Early ratings figures for the 2014 Oscar telecast averaged a 27.9 Nielsen household rating/41 share, with slightly over 40 million viewers. This is up seven percent from 2013. While some might consider this a win since it is the highest rating since 2005, they forget that ratings since 2005 have been terribly low. Why? Because few massively appealing blockbusters have been nominated since 2005, and those that have were not favored to win. This reduced audience interest in the Oscars telecast.
It's rather obvious that more people tend to watch the Oscar telecast when movies they love are in hot contention for Best Picture. The high watermark was in 1998 when the film Titanic, making over $600 million domestically, was favored to win. 55.2 million people tuned in to watch their beloved film take home an Oscar and they were not disappointed. Another notable win was Forrest Gump which made $329 million domestically and brought in 48.3 million viewers to the Oscar telecast. Contrast that with the Crash, the Best Picture winner in 2006 which made only about $54 million domestically and had one of the lowest Oscar telecast viewerships on record at 38.9 million people or No Country For Old Men in 2008 which made only $74 million domestically and captured a measly 32 million viewers for the Oscar telecast.
If more blockbusters were in contention for Best Picture, it would not be a stretch to imagine a 10 to 20 percent increase in ratings. That would equate to millions of dollars for ABC and the Academy of Motion Picture Arts and Sciences which charges ABC for the rights to broadcast the event.
So here we are again. The Best Picture category had only one bonafide blockbuster, the film Gravity with $270 million domestic gross. But the win went to 12 Years a Slave, a film that made only $50 million domestically. Ironically, Gravity won seven Oscars, one apiece for best directing, cinematography, film editing, original score, sound editing, sound mixing and visual effects. 12 Years a Slave won only for adapted screenplay and actress in a supporting role, yet somehow that allowed it to win Best Picture, overcoming the more widespread excellence that Gravity achieved. Go figure.

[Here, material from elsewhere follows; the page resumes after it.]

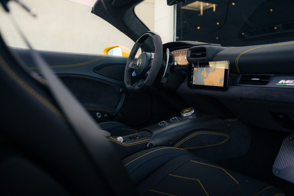 Finished in Giallo Genio, this example highlights the car’s sculpted lines and aerodynamic purity. Unlike many supercars, the MC20 relies on underbody aerodynamics rather than large external wings, resulting in a clean and elegant silhouette.

So many small films have won in recent years, that those who loved Gravity were not apt to tune in, nor did millions of others whose favorite films were not even nominated for Best Picture. If the number one blockbuster of the year, Hunger Games: Catching Fire, had been nominated for Best Picture, more teen girls would undoubtedly have watched. A Best Picture nomination for Frozen would likely have brought in more families with smaller children. Blockbuster films like Iron Man 3 and The Hobbit: The Desolation of Smaug would have brought in more young males.
The Academy does its best to increase ratings for the show, most notably by creating hype around the nominations, the show's director, the host (I loved Ellen), and the entertainment. These are all factors in the ratings. But they can only help so much. Those efforts do not address one of the most important root issues; that the mass popularity of the films favored to win Best Picture often generates mass viewership of the telecast. The Academy did expand the number of Best Picture nominations several years ago in hopes of getting more blockbusters nominated, but that has not really worked out. Most members still vote for smaller films with less mass appeal, and most of those smaller films are often favored to win, which diminishes interest in the telecast.
This could be averted if the Academy used a little more critical thinking as I outlined in an earlier blog. That is to create a new voter category to the Oscars called Best Blockbuster. The category would be comprised of the top 10 films as measured by worldwide box office receipts. The Academy voters can select their favorite from within that list, thus insuring that they consider blockbusters that they might have otherwise overlooked. Importantly, creating sufficient promotional hype around a new Best Blockbuster category would hopefully expand audience size by enticing more age and gender segments, raise ABC's revenue, bring in more money to the Academy, and most importantly, be a lot more fun for millions of viewers.